▸ **THE PROBLEM**
In the material below, find the span from the line with "2024年11月27日開催、「GitHub Universe Recap" to the line with "The Ponte Buriano" and transcribe only those lines, exactly, ends included, without the pictures.

[Opening INPUT MATERIAL section]

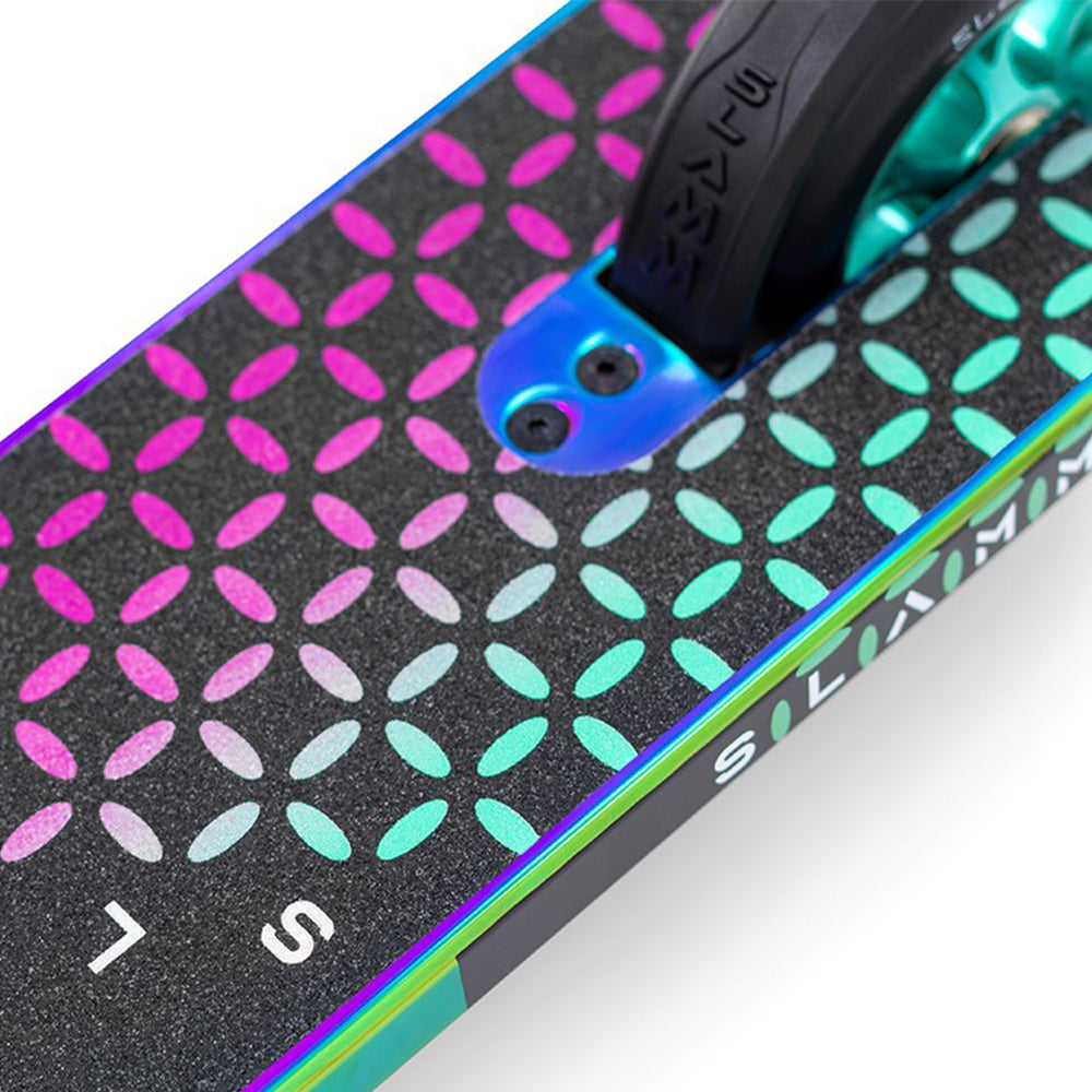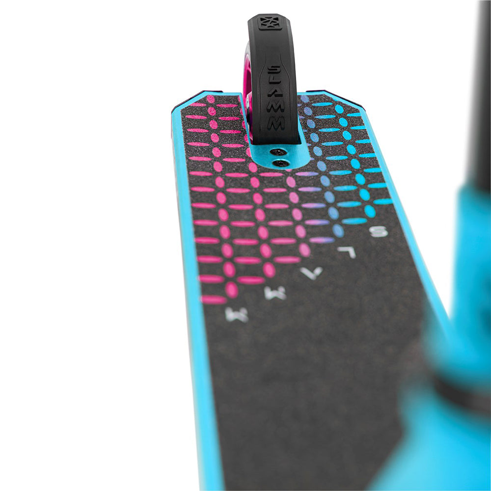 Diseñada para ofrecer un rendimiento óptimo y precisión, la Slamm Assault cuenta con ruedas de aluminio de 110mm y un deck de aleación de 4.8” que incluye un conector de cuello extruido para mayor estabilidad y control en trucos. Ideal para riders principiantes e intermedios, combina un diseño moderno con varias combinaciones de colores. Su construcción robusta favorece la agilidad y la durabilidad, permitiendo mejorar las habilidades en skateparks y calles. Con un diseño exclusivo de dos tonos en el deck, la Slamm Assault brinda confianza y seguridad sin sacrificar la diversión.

[Closing INPUT MATERIAL section]
[Opening INPUT MATERIAL section]

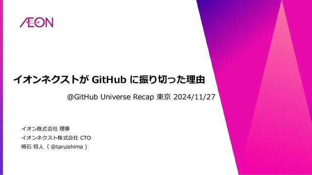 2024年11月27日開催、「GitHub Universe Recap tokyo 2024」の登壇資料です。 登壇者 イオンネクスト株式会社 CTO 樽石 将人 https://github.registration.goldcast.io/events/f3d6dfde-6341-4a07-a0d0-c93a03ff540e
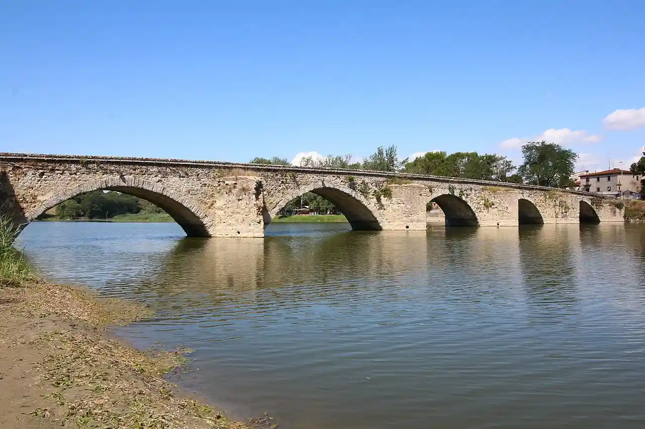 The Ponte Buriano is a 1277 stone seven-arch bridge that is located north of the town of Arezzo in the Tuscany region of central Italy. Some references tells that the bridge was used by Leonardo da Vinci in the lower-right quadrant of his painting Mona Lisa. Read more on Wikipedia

[Closing INPUT MATERIAL section]

▸ **SOLVED PROBLEM**
 2024年11月27日開催、「GitHub Universe Recap tokyo 2024」の登壇資料です。 登壇者 イオンネクスト株式会社 CTO 樽石 将人 https://github.registration.goldcast.io/events/f3d6dfde-6341-4a07-a0d0-c93a03ff540e
 The Ponte Buriano is a 1277 stone seven-arch bridge that is located north of the town of Arezzo in the Tuscany region of central Italy. Some references tells that the bridge was used by Leonardo da Vinci in the lower-right quadrant of his painting Mona Lisa. Read more on Wikipedia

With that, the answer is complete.